A tricky crux past a bulge down low can be bypassed by cheating left to the arete. The best part of the route is above this in the steep, beautiful finishing slab, finessing moves between small pockets.
Just left of License To Bolt (which has ring bolts) and right of the shallow dihedral.
Bolts with top rap anchors.
|By James Traub|
Nov 15, 2006
rating: 5.10c 6b 20 VII E2 5b R
This is a great climb! I have yet to do License to Bolt, but I have done the rest of the climbs on the Phoenix and this is definitely my favorite. The moves flow well and don't feel contrived. Only possible downside is that the route feels a tad runout, especially towards the top.
|By 1Eric Rhicard|
Jun 9, 2008
I liked this climb too. Didn't feel like I was cheating by moving left down low.
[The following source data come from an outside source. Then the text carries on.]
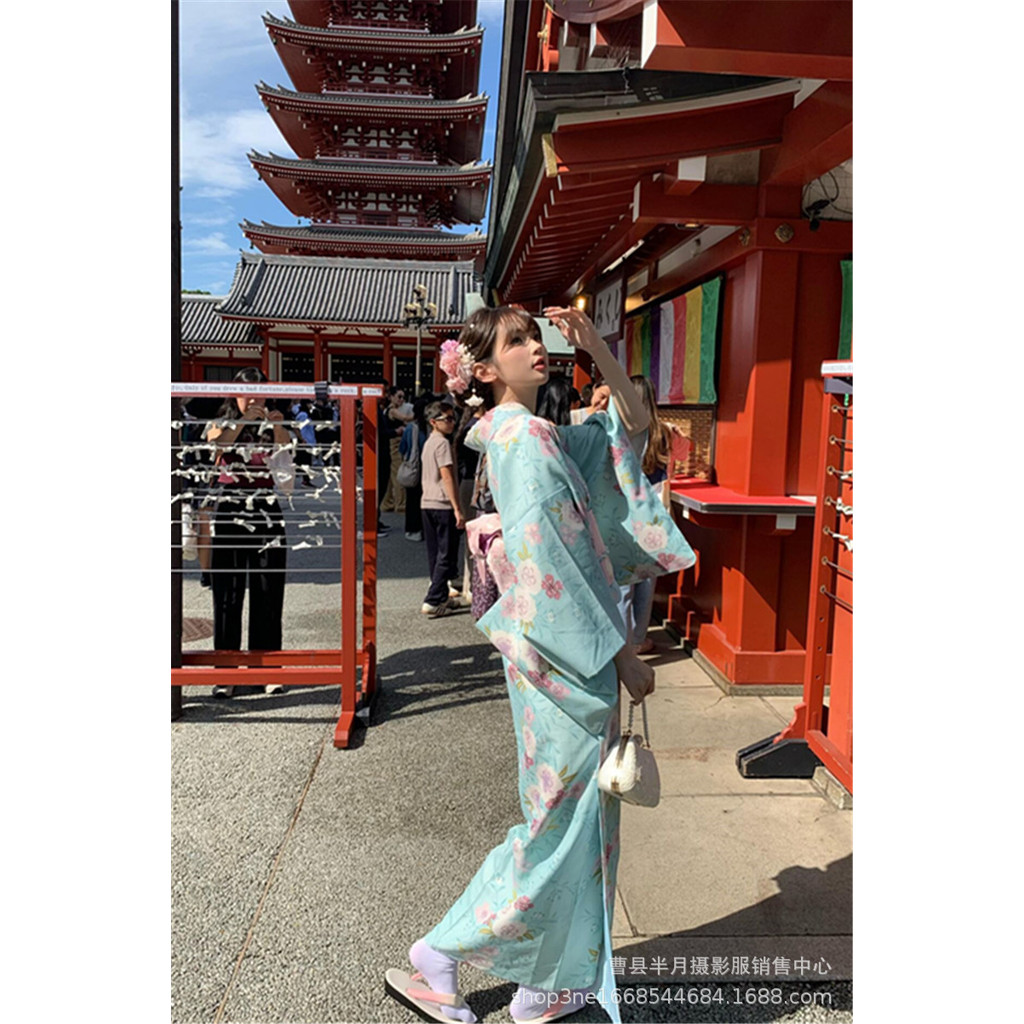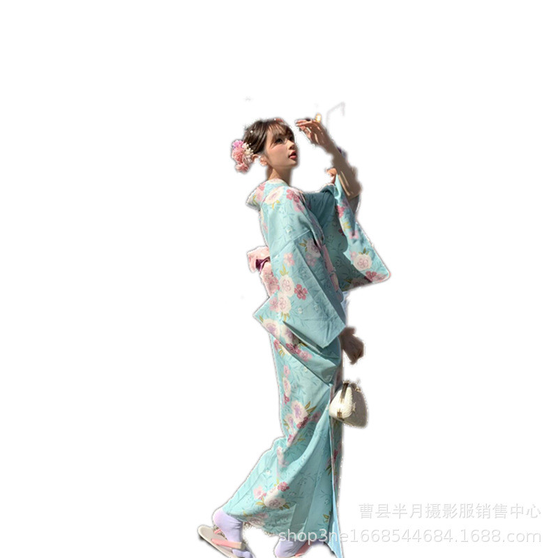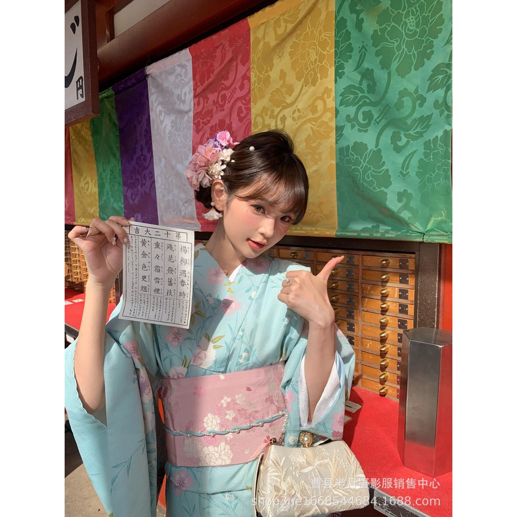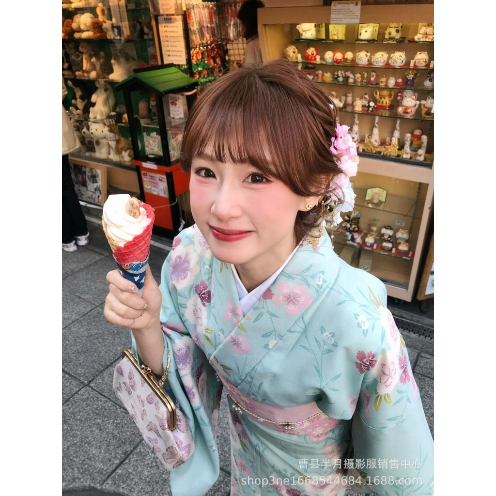 ชุดกิโมโน สไตล์ญี่ปุ่น กิโมโนย้อนยุคญี่ปุ่น สำหรับการถ่ายภาพ และยูกาตะสำหรับหญิง ชุดกิโมโน + คาดเอวธรรมดา + พัดลม + หมวกกันน็อค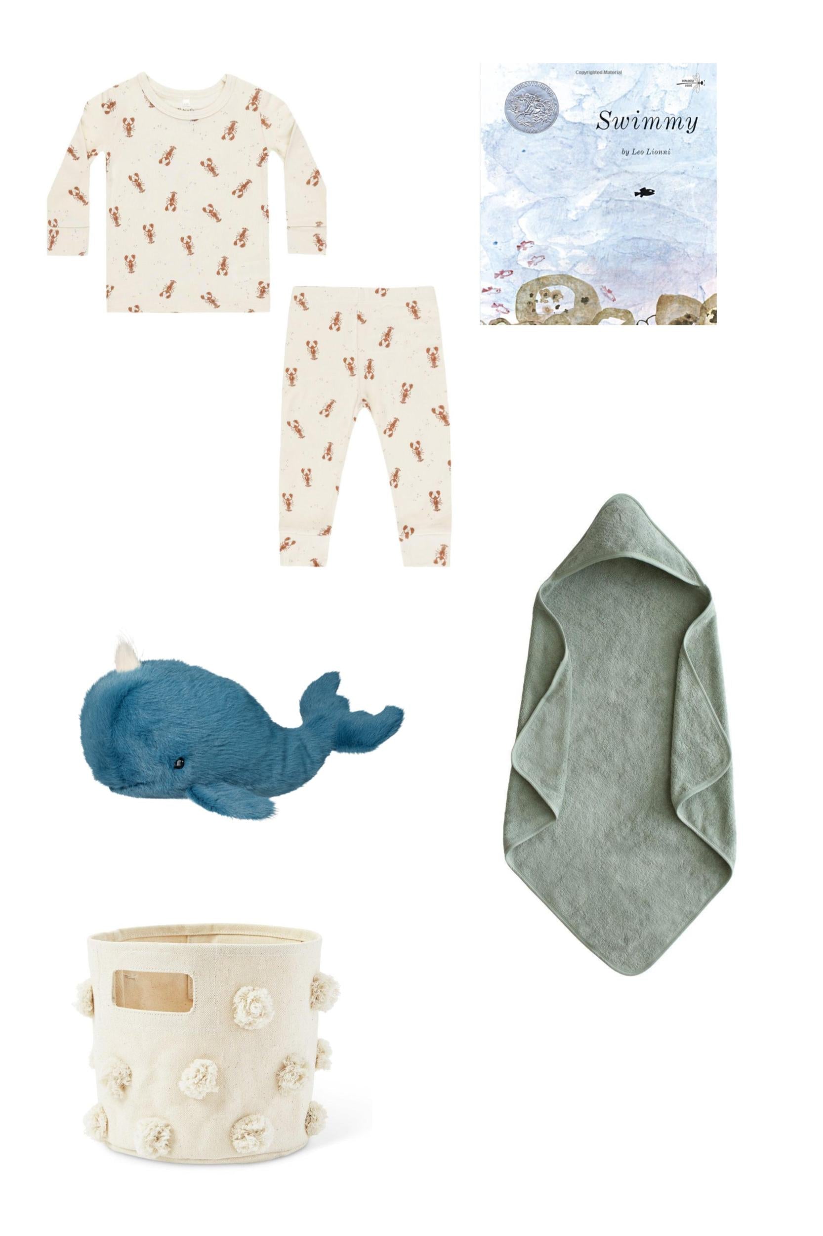 Big: Rylee + Cru Long Sleeve Pajama Set - Lobsters, ‘Swimmy’ Hardcover Book, Douglas Marina Whale, and a Mushie Organic Cotton Hooded Towel-Moss; all packaged in a Pehr Pom Pom Basket (mini/natural), wrapped with cellophane & ribbon, and shipped in a Just Hatched Gift Box!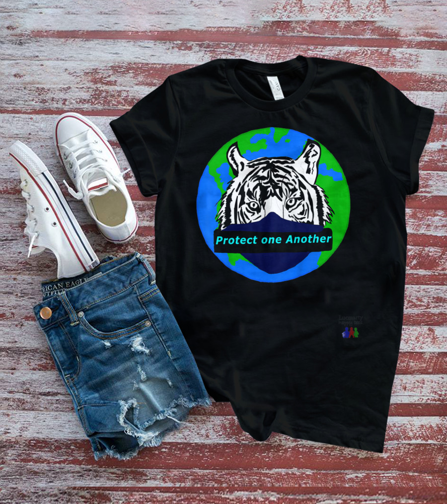 Lucmarty Protect One Another Tiger Wearing Face Mask Over Earth T-Shirt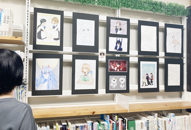 イラストアニメ部生徒の作品を展示(大清水図書館で)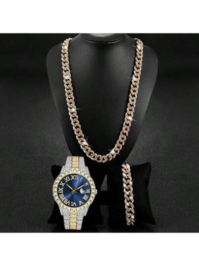 3入組項鍊手鍊石英手錶套裝,男士禮物盒裝 - 彩色 - 查看 1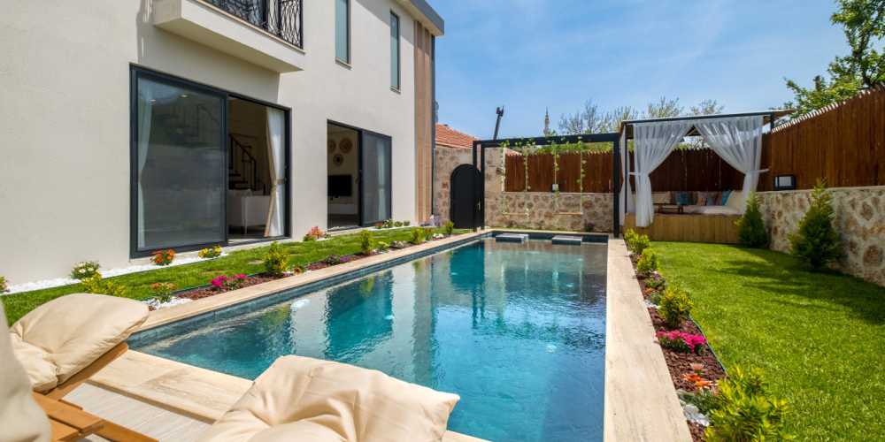 Villamızın havuz alanı yüksek duvarlar ve çitlerle çevrili olup dışarıdan görünmeyecek şekilde korunaklı olarak tasarlanmıştır. bu sayede mahremiyetine önem veren misafirler için rahat bir tatil ortamı sağlanmaktadır. korunaklı yapısı sayesinde özellikle muhafazakar balayı tatili planlayan çiftler için oldukça uygun bir konaklama seçeneği sunmaktadır.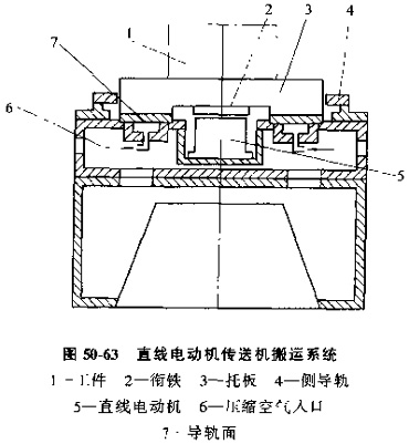 圖50-63是用于組成柔性制造系統(tǒng)的直線電動(dòng)機(jī)傳送機(jī),在這一輸送系統(tǒng)中,托盤(pán)在空氣靜壓導(dǎo)軌上運(yùn)行,直線電動(dòng)機(jī)設(shè)置在中部,銜鐵設(shè)置在托板下方。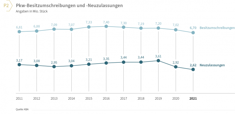 1) Nachfrage höher als das Angebot, Zahlen auf Neu- und Gebrauchtwagenmarkt rückläufig: Gegenüber dem Vorjahr wurden laut Kraftfahrt-Bundesamt (KBA) 10,1 Prozent weniger Neuwagen zugelassen, und auch der Gebrauchtwagenmarkt hatte mit einem Rückgang von 4,5 Prozent zu kämpfen. Dies lag vor allem an Lieferschwierigkeiten im Neuwagenbereich und fehlendem Angebot bei Gebrauchtwagen. Nach den starken letzten Jahren war 2021 das zweite negative Jahr in Folge (vgl. Grafik P2).

The select guide says the bottom moves wander a bit so I followed the holds. The route to the right has glue ins. Also really liked the upper face.
Jun 19, 2013
great route. the crux is way more fun go straight up
although seems way harder than cheating left and using the juggy pockets there, once you are committed to the smaller holds, its not that hard
|By Bryan Hall|
From: Bend, Oregon
Jul 25, 2013
Great route on solid rock. Fun crux and then enjoyable climbing afterwards!